Last week was a busy week with Black Friday, Cyber Monday, Giving Tuesday and the onset of Boxing “month.” All the retailers want us to think about Christmas shopping and planning for the Holiday Season. You know, the old saying, ‘Tis the season to… review your financial life year end planning. No wait… that doesn’t seem right. Yes, I know, the first thing people will say when they start to read this post is that they are too pre-occupied at this time of year getting ready for the Holidays. But time marches on and doesn’t consider our favourite festivities.

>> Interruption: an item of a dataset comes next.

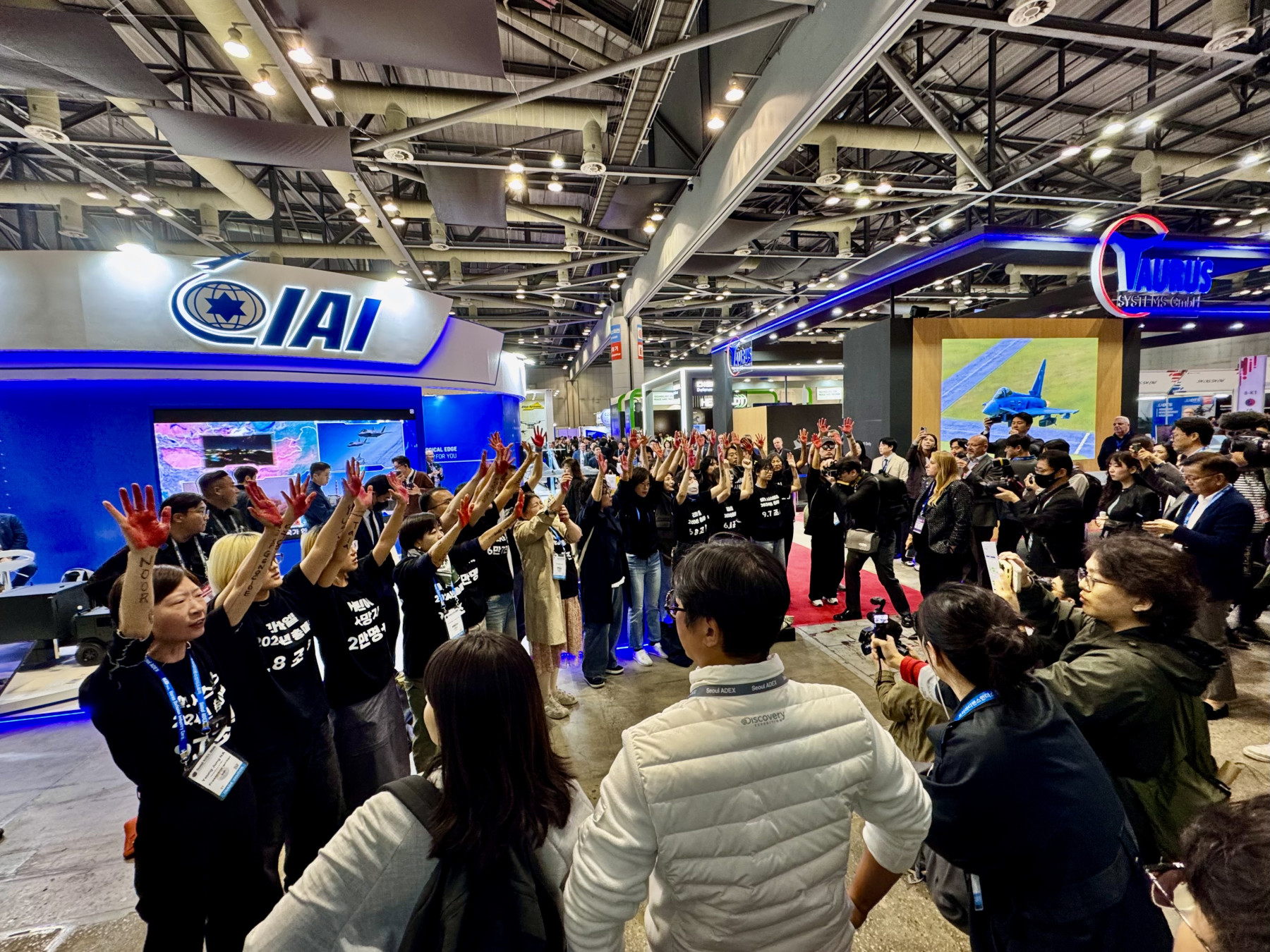 액션에 참가했던 모든 활동가가 밖으로 나간 뒤, 나와 촬영자 몇몇은 전시장에 남았다. 그들이 떠난 자리에 남아있는 작은 메아리, 외침이 만들어낸 작은 균열, 혼돈을 내 눈으로 확인하고 싶었다. IAI 부스 앞 한국인 직원들은 이스라엘 관계자로 보이는 이들에게 상황을 설명하기에 급급했다.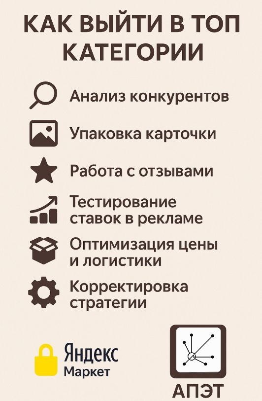 Хотите, чтобы ваша карточка была на первых строчках, но не знаете, с чего начать? В новом проекте АПЭТ мы даём пошаговый алгоритм и сопровождаем селлеров до результата. 🔍 Анализ конкурентов 📸 Упаковка карточки (фото, заголовок, описание) ⭐️ Работа с отзывами и рейтингом 📈 Тестирование ставок в рекламе 📦 Оптимизация цены и логистики 📊 Еженедельный мониторинг позиций ⚙️ Корректировка стратегии на основе данных Присоединяйтесь к АПЭТ - откройте для себя Яндекс Маркет без рисков и постройте бизнес с устойчивым ростом.

My prudent self tells me to remind you that, with the arrival of December, it is a good time to start thinking about year end financial life planning. While December is usually a busy month for most people, a little advanced planning can save you come tax time. Sure, a little procrastination settles in here, but there is still time. Here are important things to consider that will impact your financial life:
TFSA contributions and withdrawals
Introduced in 2009, Tax-Free Saving Accounts (TFSAs) give every Canadian resident age 18 and older the opportunity to invest $5,500 (currently) per year. For 2016, a couple could save $46,500 and not pay any tax on the investment earnings. To maximize your return on investment, try topping up TFSAs now and then make your 2017 contribution of $5,500 on January 1st. Students, who are 18 or older, can withdraw $5,000 from their RESP each year and contribute the money to a TFSA. The funds grow tax-free and can be used for any purpose in the future.
Not the other hand, if you were plan on making a TFSA withdrawal, consider making the withdrawal before the end of December. If you make the withdrawal in December, you could recontribute that amount as early as January 1, 2017. But if you waited until January 2017 to make the withdrawal, you won’t get the contribution room back until January 1, 2018.
Charitable donations
If you’re thinking of making a charitable gift soon, be sure to do it before the end of the year so that you’ll get a donation credit right away to reduce your 2016 taxes. If you wait until even January 1st, you’re going to wait for a year if not longer before you’ll see the benefit of the donation credit. Both the federal and provincial governments offer donation tax credits that, in combination, can result in tax savings of up to 50 per cent of the value of your gift in 2016. If you give online, you can usually donate right up to December 31st and get a tax receipt for the 2016 tax year. When donating by mail, be sure to do it earlier.
If you have shares with unrealized capital gains, eliminate the tax liability by donating the shares in kind to your favourite cause. There’s no federal tax on capital gains associated with shares given to charity and the maximum donation is up to 100% of your net income. Provincial tax does vary.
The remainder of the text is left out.